Q15) What’s the difference between acute and chronic?

A: Most people who have acute onset ME get better. If they are not better within a year, they lapse into what we would call chronic. And very few of those people get better. On their own, probably 25 % of that group does get better. But that still leaves a large percentage of patients that don’t get better. You have to stop thinking in terms of ME, CFS and FM. You have to ask what is causing my Chronic Fatigue Syndrome. That is absolutely essential. If you can answer that question you have a chance of curing the patient.

Q16) Did you have the polio vaccine before getting polio?

A: I fell ill in grade 8 so I must have been around 11-12 years old and that was 1948. The vaccine came out in 1954-55. But even before the vaccine was introduced in 1954, it had been tested on people in the island of Newfoundland and in the island of Granada, and it killed pretty well everyone they gave the immunization to. So the vaccine was withdrawn and retooled. It was reintroduced somewhere else and it didn’t kill the people and ever since it has been the safest immunization known to God and man. It was a wonderful invention.

There had been a high risk of having your child die from polio. You hear about all the paralysis, but not about the deaths. Most of these kids died. It was also mainly women who died, not kids, but you didn’t hear about those statistics because there was no research money for women in those days. Money was easier to get if children were being studied. I don’t know if any of you remember Little Jimmie, the March of Dimes advertisement. Even then, women would give money for the study of children. Only later did the advertisers bring in a girl.

Q17) Is medical cannabis an option for replacing other meds?

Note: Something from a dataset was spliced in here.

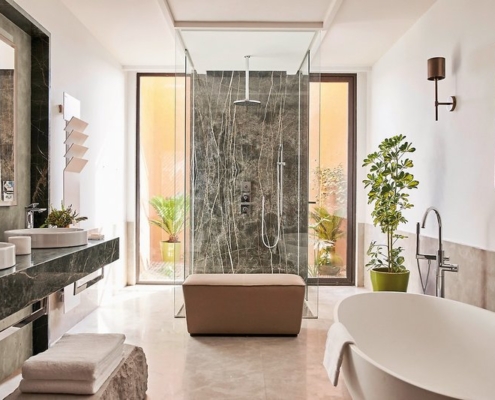 Spa & Wellness: Das luxuriöse, minimalistisch gestaltete Spa im Park Hyatt Marrakech erstreckt sich über 2.200 qm und verfügt über 10 Behandlungsräumen, darunter auch Suiten für Paare. Zur weiteren Ausstattung zählt ein traditioneller Hamam, ein Dampfbad, ein 25m langer Indoorpool sowie drei Außenpools und ein großzügiger Entspannungsbereich. Vervollständigt wird das Wellnesserlebnis durch exklusive Anwendungen und Massagen (gegen Gebühr).
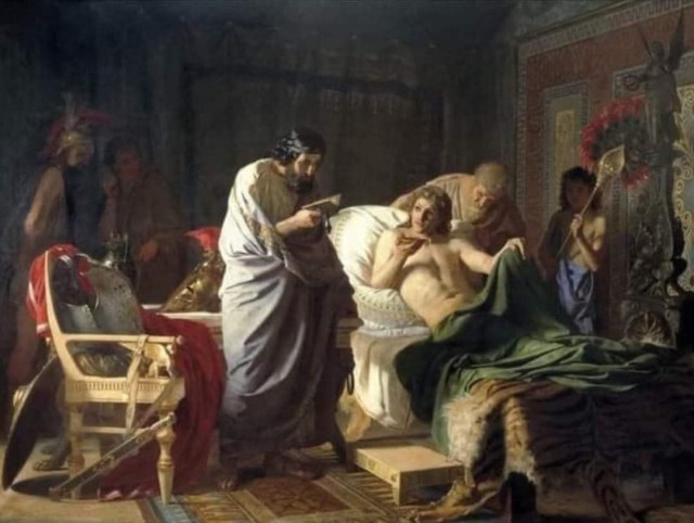 333 BCE. Alexander’s army was passing through Cicilia (Modern day Turkey). Alexander the Great decided to take a bath in the icy water of the river Cidnus (Now called ‘Berdan’). The following day he developed fever, and gradually it led to febrile convulsions. The royal physicians accompanying the king were very scared and reluctant to treat him as they knew the consequence of any glitch in the treatment could cost their life. A physician named Philip from Acarnania was bold enough and came forward to treat Alexander. He prepared a medicinal draught for the seriously ill king. When Alexander was about to drink this potion, a letter arrived from Parmenio, one of his military generals. The letter accused that Persian king Darius III bribed Philip to poison Alexander. Alexander read the letter, and with the paper still in his hand, swallowed the cup of medicine. After finishing the medicine, he passed the letter to Philip. No, Alexander the Great did not die of poisoning; he recovered within a short time and led his army to conquer the world.

A: I was on the medical committee in Canada, the LeDain commission, which looked at the safety of drugs. The LeDain commission came out showing that marijuana was not dangerous at all. Medical cannabis depends if you are taking it by a pill form, inhaling it from a cigarette or taking it internally as in the wild stuff. All my friends who grow cannabis are as ill as can be physically. And they smoke it all the time. Does it help you sleep? Yes, it does—so does cocaine. So does morphine. Do you get good sleep? Anything you inhale into your lungs is causing you major, major damage. I’m not one for cannabis.

Q18) Do you win when you go up against American insurance companies?

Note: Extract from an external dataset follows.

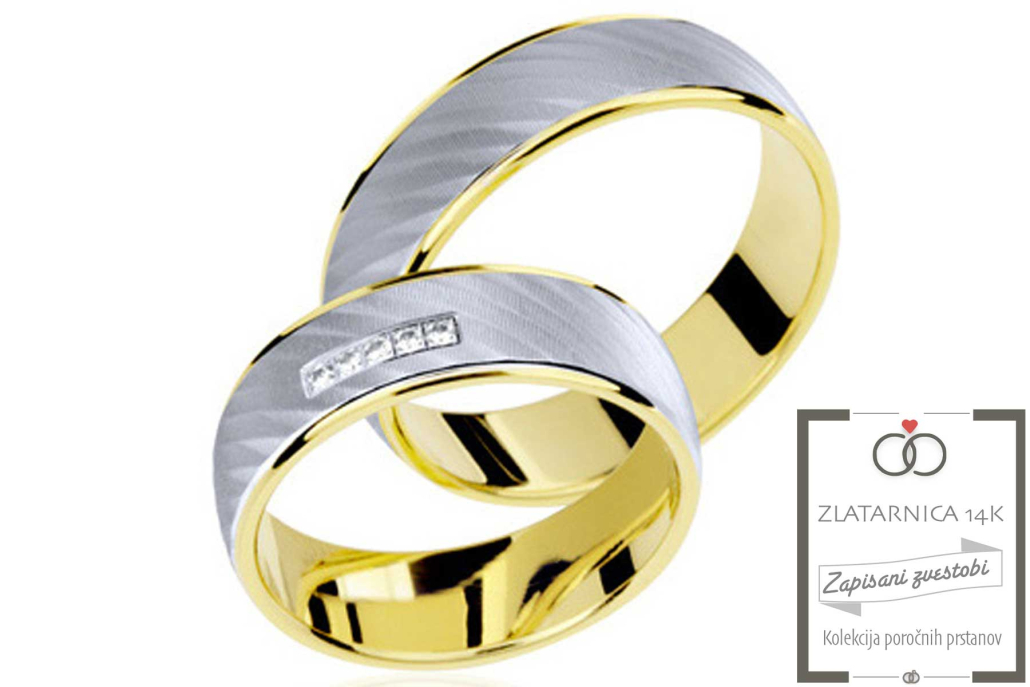 Par poročnih prstanov iz belega in rumenega zlata. Robovi prstanov so rumeni in imajo gladko površino, sredina je iz belega zlata. Ženskemu prstanu so dodani cirkoni.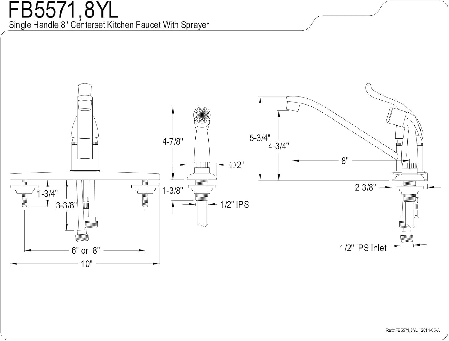 Includes black side sprayer. Contemporary style. Durable and reliable. Hybrid waterway construction meeting federal low-lead regulations. Durable washerless cartridge. Flow rate limited to Max 1.8 GPM/6.8 LPM At 60 PSI. Install on standard US plumbing connections. Made from brass and ABS. Made in Taiwan. Spout reach: 8 in.. Spout: 7.13 in. H. Aerator clearance: 4.75 in.. A great choice for the kitchen, the Yosemite Centerset Kitchen Faucet will look great in almost all design settings thanks to its versatile design.

A: We almost always win. It is not because we’re good; it is because of what we do.

Q19) How do you afford to practice medicine?

A: I make an average of $40,000 a year in medicine. Every now and then I buy a property and sell it at a ridiculous price 5-10 years later and make a couple of million dollars. It is easy to make money but it is boring. But in medicine I just like to try to figure out what is wrong with people and that is a lot of fun. We charge a lot of money to see American patients, about $10,000. But then we do all the testing in Canada which costs about $6-7,000. The Canadian patients are only charged about $3-4,000. However, it still takes us 18 months to investigate them and we do a better job than any of the big American clinics.

Q20) How do you win against insurance companies?

A: Insurance companies are really easy to beat if you know what is wrong with the patient, and these patients are seriously ill. We have done about 2000 patients since 1984 and most of them were in the early years. Now we take much longer per patient and only take about 20 new patients a year. They are easy to win because the patients are so ill. The cases never go to court because the insurance companies settle.